Action item: Please restate the data below word for word, omitting all images.

--- START ---

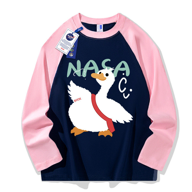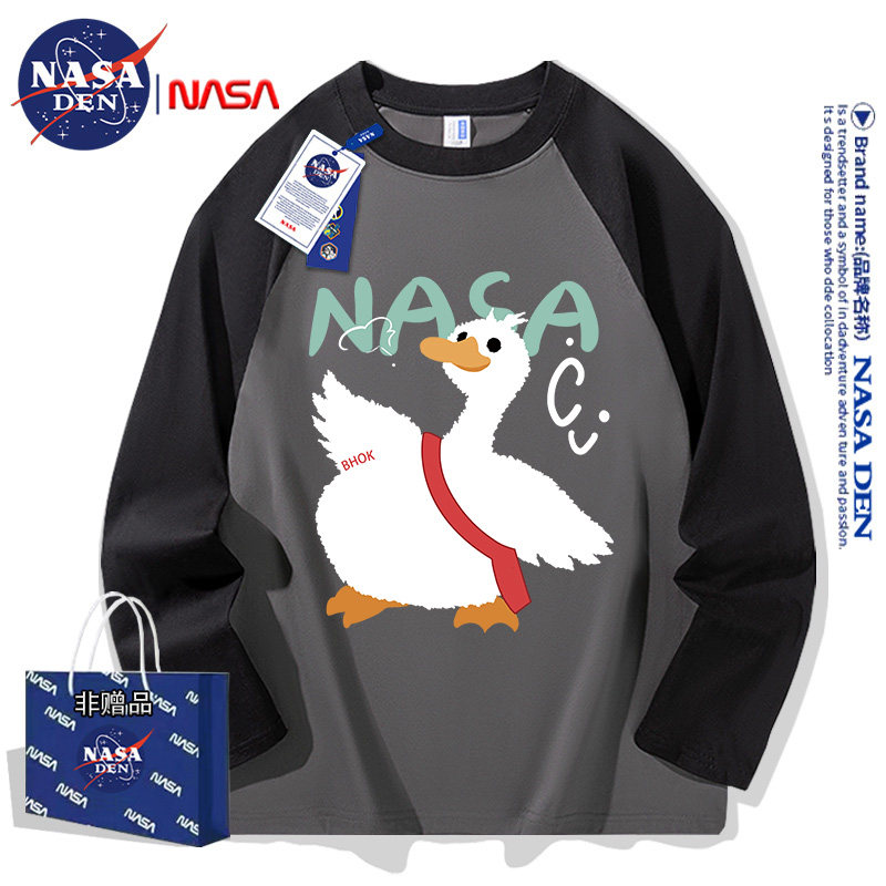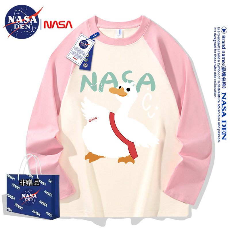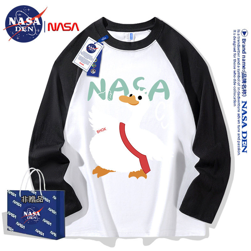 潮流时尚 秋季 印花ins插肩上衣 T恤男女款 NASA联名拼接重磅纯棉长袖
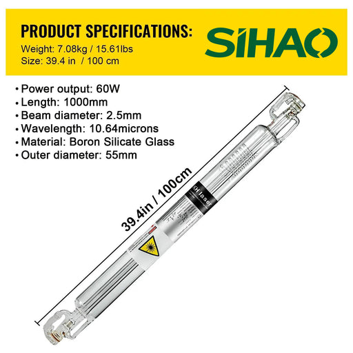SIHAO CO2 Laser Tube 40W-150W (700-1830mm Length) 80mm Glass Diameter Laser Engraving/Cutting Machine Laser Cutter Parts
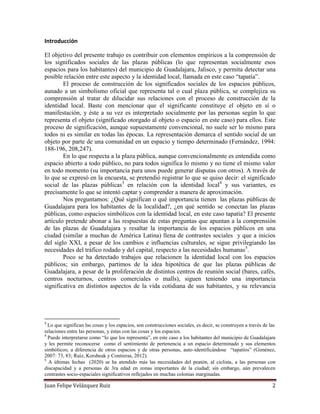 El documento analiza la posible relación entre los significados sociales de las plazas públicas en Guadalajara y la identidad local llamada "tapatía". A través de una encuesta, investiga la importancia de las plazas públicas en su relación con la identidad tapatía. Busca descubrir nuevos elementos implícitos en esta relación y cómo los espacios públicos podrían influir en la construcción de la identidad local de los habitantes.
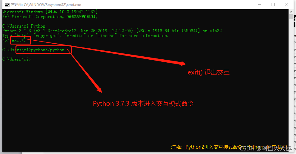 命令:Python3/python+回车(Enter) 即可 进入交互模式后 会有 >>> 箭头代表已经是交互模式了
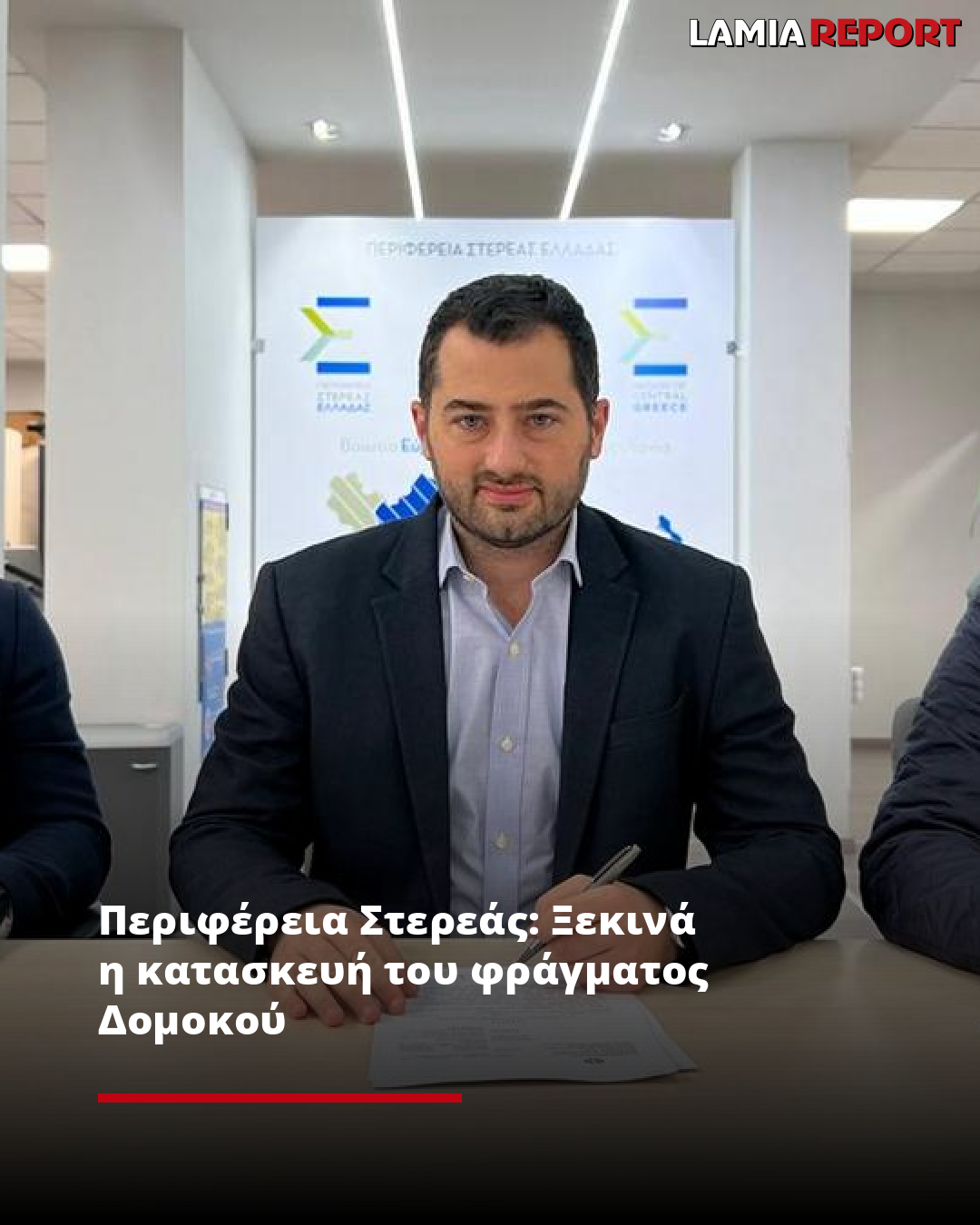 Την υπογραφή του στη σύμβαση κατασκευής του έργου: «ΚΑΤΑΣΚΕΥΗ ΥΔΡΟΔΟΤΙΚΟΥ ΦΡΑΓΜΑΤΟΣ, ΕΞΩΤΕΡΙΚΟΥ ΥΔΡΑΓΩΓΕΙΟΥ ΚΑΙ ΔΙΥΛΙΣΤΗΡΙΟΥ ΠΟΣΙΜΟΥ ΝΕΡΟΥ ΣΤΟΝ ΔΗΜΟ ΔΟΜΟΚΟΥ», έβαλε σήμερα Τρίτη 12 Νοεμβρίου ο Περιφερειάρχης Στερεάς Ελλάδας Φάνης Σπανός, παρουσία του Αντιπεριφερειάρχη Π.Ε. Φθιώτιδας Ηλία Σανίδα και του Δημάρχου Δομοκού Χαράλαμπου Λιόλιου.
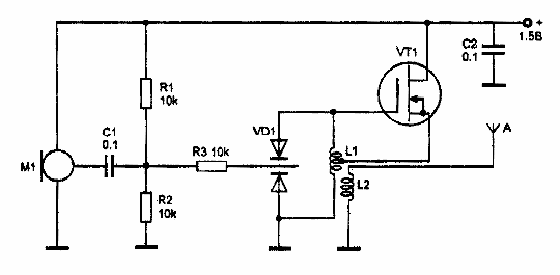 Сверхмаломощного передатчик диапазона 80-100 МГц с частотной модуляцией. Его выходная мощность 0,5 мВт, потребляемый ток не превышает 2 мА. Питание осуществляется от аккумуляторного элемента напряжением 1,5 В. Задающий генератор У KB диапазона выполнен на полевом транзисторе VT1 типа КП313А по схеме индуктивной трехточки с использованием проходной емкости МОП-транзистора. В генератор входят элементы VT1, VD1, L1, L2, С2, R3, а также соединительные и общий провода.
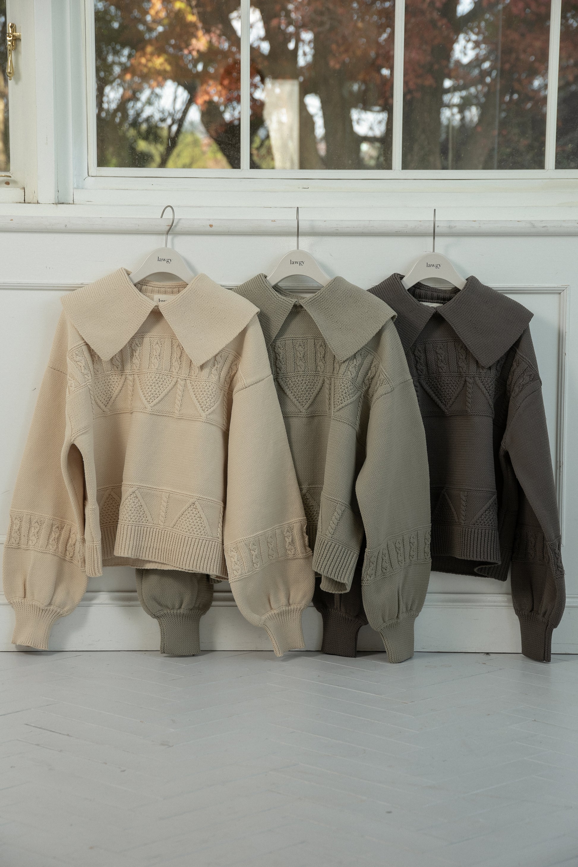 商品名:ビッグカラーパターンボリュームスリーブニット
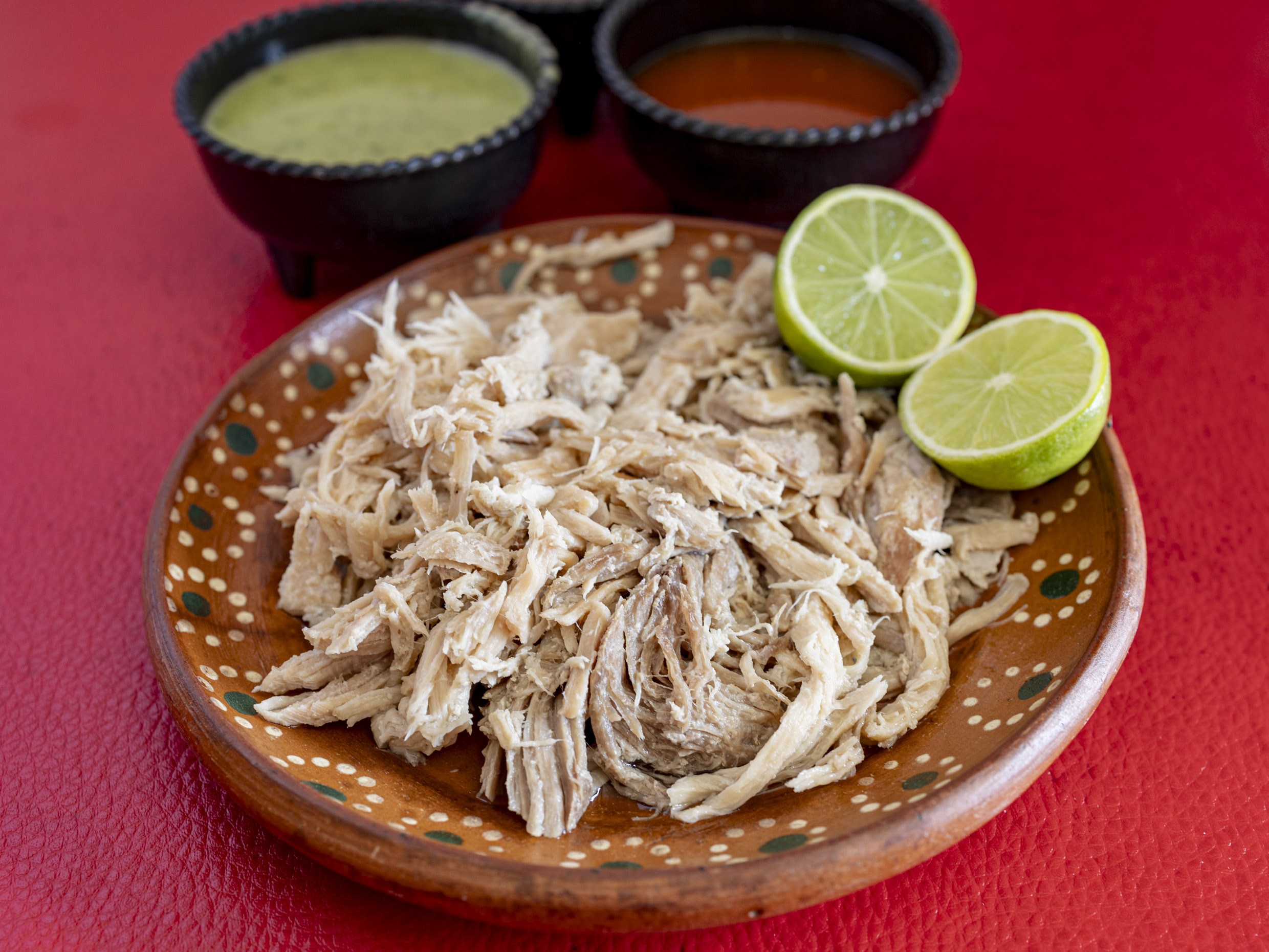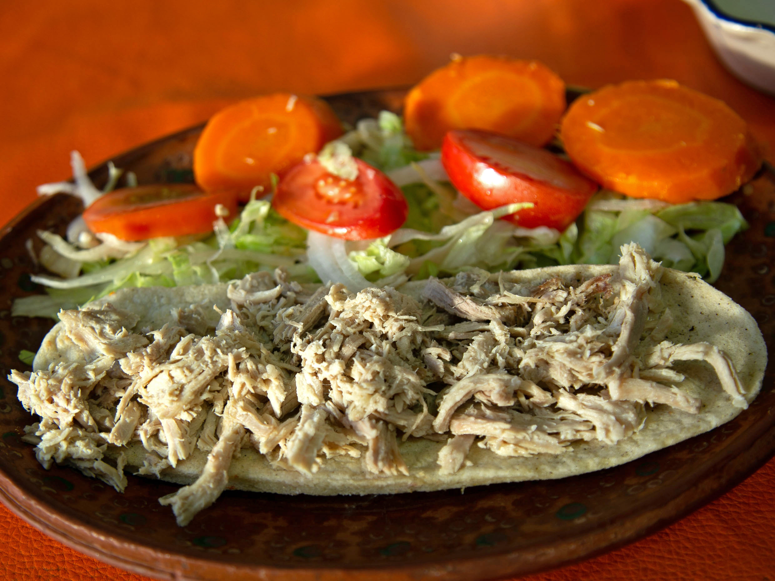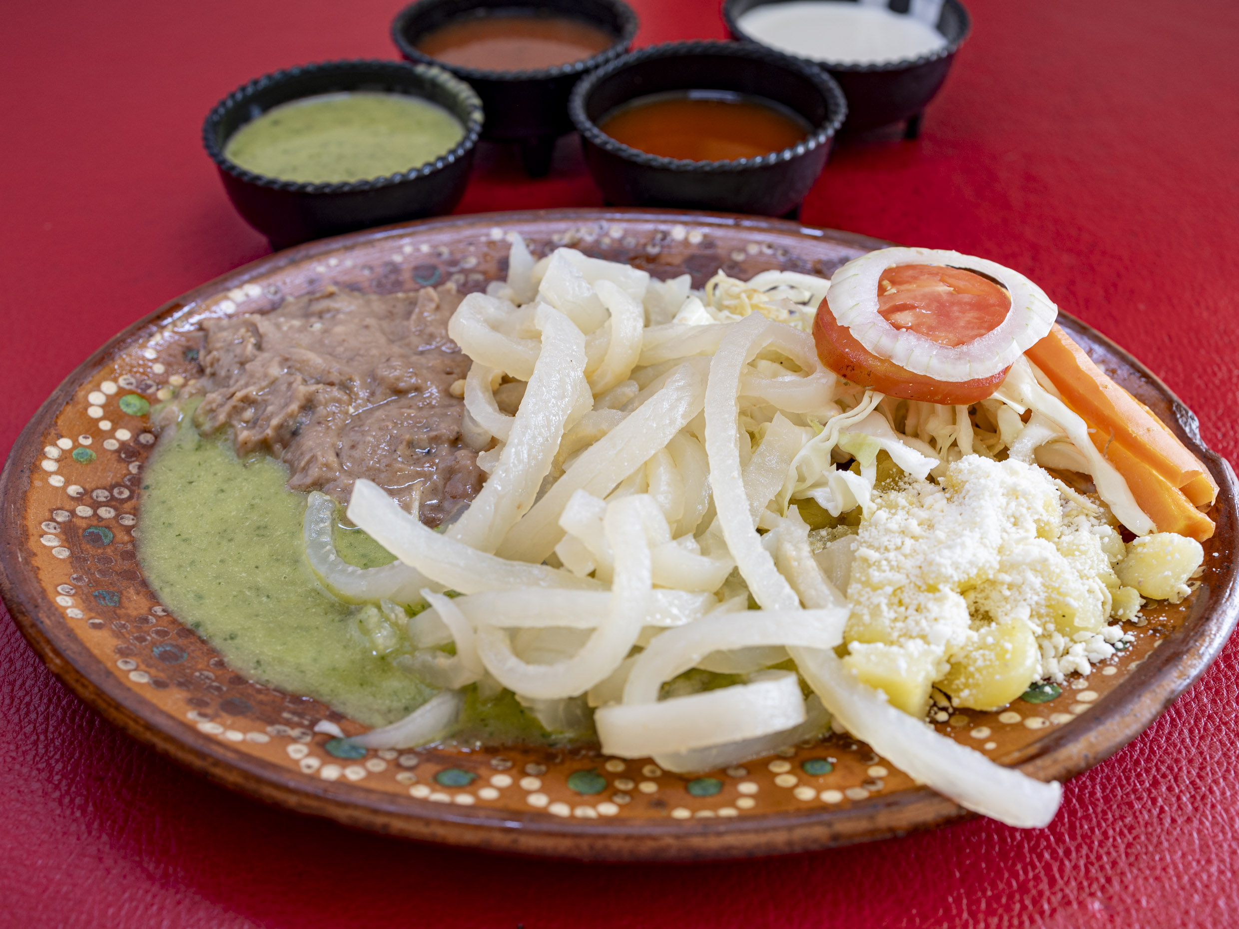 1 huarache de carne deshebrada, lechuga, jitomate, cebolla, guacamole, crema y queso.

--- END ---

Reply:
 潮流时尚 秋季 印花ins插肩上衣 T恤男女款 NASA联名拼接重磅纯棉长袖
SIHAO CO2 Laser Tube 40W-150W (700-1830mm Length) 80mm Glass Diameter Laser Engraving/Cutting Machine Laser Cutter Parts
 El documento analiza la posible relación entre los significados sociales de las plazas públicas en Guadalajara y la identidad local llamada "tapatía". A través de una encuesta, investiga la importancia de las plazas públicas en su relación con la identidad tapatía. Busca descubrir nuevos elementos implícitos en esta relación y cómo los espacios públicos podrían influir en la construcción de la identidad local de los habitantes.
 命令:Python3/python+回车(Enter) 即可 进入交互模式后 会有 >>> 箭头代表已经是交互模式了
 Την υπογραφή του στη σύμβαση κατασκευής του έργου: «ΚΑΤΑΣΚΕΥΗ ΥΔΡΟΔΟΤΙΚΟΥ ΦΡΑΓΜΑΤΟΣ, ΕΞΩΤΕΡΙΚΟΥ ΥΔΡΑΓΩΓΕΙΟΥ ΚΑΙ ΔΙΥΛΙΣΤΗΡΙΟΥ ΠΟΣΙΜΟΥ ΝΕΡΟΥ ΣΤΟΝ ΔΗΜΟ ΔΟΜΟΚΟΥ», έβαλε σήμερα Τρίτη 12 Νοεμβρίου ο Περιφερειάρχης Στερεάς Ελλάδας Φάνης Σπανός, παρουσία του Αντιπεριφερειάρχη Π.Ε. Φθιώτιδας Ηλία Σανίδα και του Δημάρχου Δομοκού Χαράλαμπου Λιόλιου.
 Сверхмаломощного передатчик диапазона 80-100 МГц с частотной модуляцией. Его выходная мощность 0,5 мВт, потребляемый ток не превышает 2 мА. Питание осуществляется от аккумуляторного элемента напряжением 1,5 В. Задающий генератор У KB диапазона выполнен на полевом транзисторе VT1 типа КП313А по схеме индуктивной трехточки с использованием проходной емкости МОП-транзистора. В генератор входят элементы VT1, VD1, L1, L2, С2, R3, а также соединительные и общий провода.
 商品名:ビッグカラーパターンボリュームスリーブニット
 1 huarache de carne deshebrada, lechuga, jitomate, cebolla, guacamole, crema y queso.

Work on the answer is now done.